How would you deploy a Django application to a production environment, considering scalability and security?

  • Deploy the Django application without a reverse proxy. Implement security measures within Django views and models. Use a basic firewall.
  • Host the application on a shared hosting platform. Use self-signed certificates for SSL/TLS. Deploy only a single server instance. Enable root access for easier management.
  • Use a single server with Docker containers for isolation. Disable SSL/TLS for faster performance.
  • Use a web server like Nginx or Apache as a reverse proxy in front of Gunicorn or uWSGI. Implement SSL/TLS for secure communication. Utilize a load balancer to distribute traffic across multiple server instances. Harden the server by following security best practices.
Deploying a Django application for production involves multiple steps, including setting up a reverse proxy, securing communications with SSL/TLS, load balancing for scalability, and following security best practices.

How would you design a class that shouldn’t be instantiated?

  • By declaring the class as abstract.
  • By defining a private constructor.
  • By making the class private.
  • By using the final keyword.
To prevent a class from being instantiated, you can define a private constructor. When the constructor is private, it cannot be called from outside the class, effectively preventing object creation.

How would you enable Cross-Origin Resource Sharing (CORS) in a Flask application?

  • CORS is enabled by default in Flask
  • Modify the browser's settings
  • Use the "@cross_origin" decorator
  • Use the Flask-CORS extension
You can enable CORS in Flask by using the Flask-CORS extension. The other options are not the recommended way to enable CORS in Flask.

How would you enable Cross-Origin Resource Sharing (CORS) in a Flask application?

  • Add Access-Control-Allow-Origin header to each route manually.
  • CORS is not applicable to Flask applications.
  • Set CORS_ENABLED = True in the Flask app configuration.
  • Use the @cross_origin decorator from the flask_cors extension.
To enable CORS in a Flask application, you typically use the @cross_origin decorator provided by the flask_cors extension. This allows you to control which origins are allowed to access your API.

How would you ensure that a piece of code in a module is only executed when the module is run as a standalone program and not when it is imported?

  • #execute_if_standalone
  • #only_run_when_main
  • #standalone_code
  • if name == "main":
To ensure that a piece of code in a Python module is only executed when the module is run as a standalone program and not when it is imported, you can use the special if __name__ == "__main__": conditional statement. Code inside this block will only run when the module is the main entry point of the program.

How would you find the loop in a linked list?

  • Iterate through the list and check for a null reference
  • Use a hash table to store visited nodes
  • Use a stack to track visited nodes
  • Use Floyd's Tortoise and Hare algorithm
Floyd's Tortoise and Hare algorithm is a popular technique to detect a loop in a linked list. It involves two pointers moving at different speeds through the list. If there's a loop, they will eventually meet. The other options are not efficient for loop detection.

How would you find the shortest path in a weighted graph?

  • A* Algorithm
  • Breadth-First Search
  • Depth-First Search
  • Dijkstra's Algorithm
Dijkstra's Algorithm is used to find the shortest path in a weighted graph with non-negative edge weights. It guarantees the shortest path but doesn't work with negative weights. Breadth-First and Depth-First Search are used for different purposes, and A* is for finding the shortest path with heuristics.

How would you handle collisions in a hash table?

  • Ignore the new value
  • Replace the existing value with the new one
  • Resize the hash table
  • Use linear probing
Collisions in a hash table can be handled by using techniques like linear probing, which involves searching for the next available slot in the table when a collision occurs.

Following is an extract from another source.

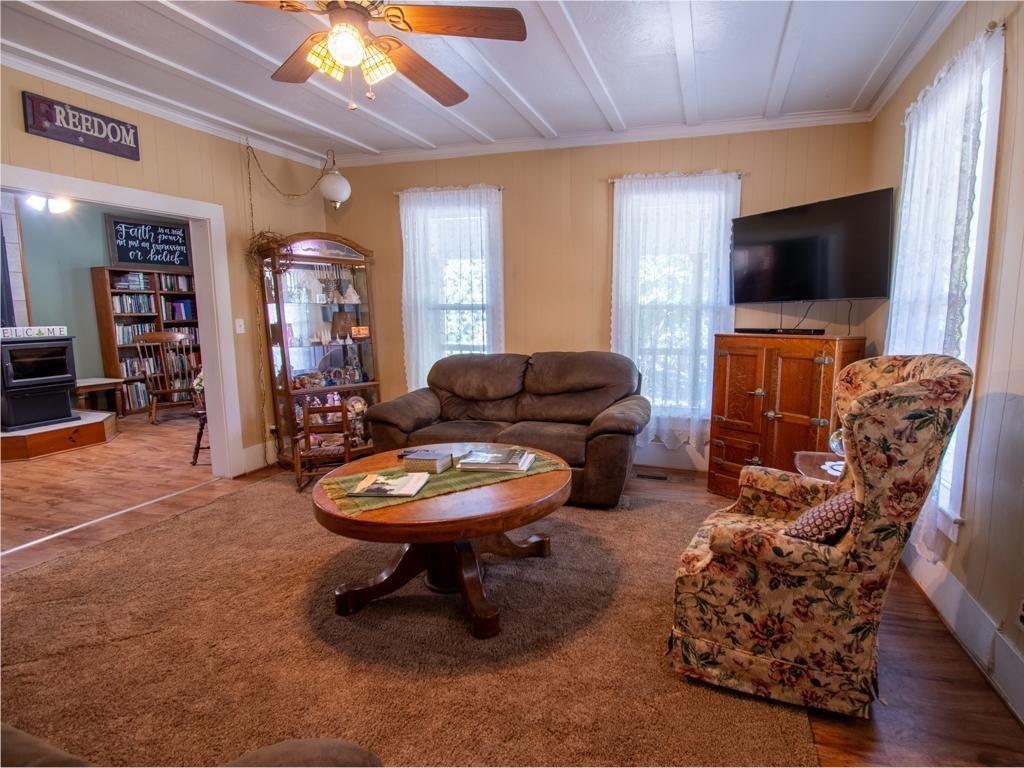In-Town Acreage! You will find farmhouse country charm and in-town convenience on this unique property with endless possibilities. Set on a couple of acres, this home offers room to grow, create, and live your homesteading dreams — right inside city limits. Inside, you’ll find a cozy wood-burning stove, a formal dining room, a spacious eat-in kitchen with a generous pantry, and a main-floor bedroom, bathroom, laundry room, and even a mudroom. There’s also a flexible space that could be used as a home office or bonus room, perfect for remote work or hobbies. The attached oversized one-car garage provides extra space for storage or tools, and makes bringing in groceries or loading the car a breeze in any weather. But the real standout features are the two large outbuildings — ideal for workshops, storage, or creative projects. One is a stunning three-level historic barn from the 1800s, adding unmatched farmhouse style and character! The home features recent updates including energy-efficient windows and a brand new roof installed this year, so it is ready to continue serving as a home to make memories in for many years to come. This property is a homesteader's dream, with fruit trees, large garden spaces, and rainwater catchment systems in place for sustainable living. While the home is on city water, a functional well remains on the property, providing a valuable backup. Whether you're looking to start a small farm, set up a workshop, or simply enjoy space and privacy with the conveniences of town nearby, this property offers rare opportunity and flexibility to make dreams into reality.

This ensures that all values are eventually stored without excessive collisions.

How would you handle large DataFrames that do not fit into memory using Pandas?

  • Reducing the precision of data
  • Reshaping the DataFrame
  • Splitting the DataFrame into smaller chunks
  • Using the Dask library
When dealing with large DataFrames that do not fit into memory, you can use the Dask library, which allows for distributed computing and can handle larger-than-memory datasets.

How would you handle missing data for a numerical feature in a dataset before training a machine learning model?

  • Ignore missing data, it won't affect the model
  • Remove the rows with missing data
  • Replace missing values with a random value
  • Replace missing values with the mean of the feature
Handling missing data is crucial. Replacing missing values with the mean of the feature is a common practice as it retains data and doesn't introduce bias, especially in numerical features. Removing rows or using random values can lead to loss of information or noise.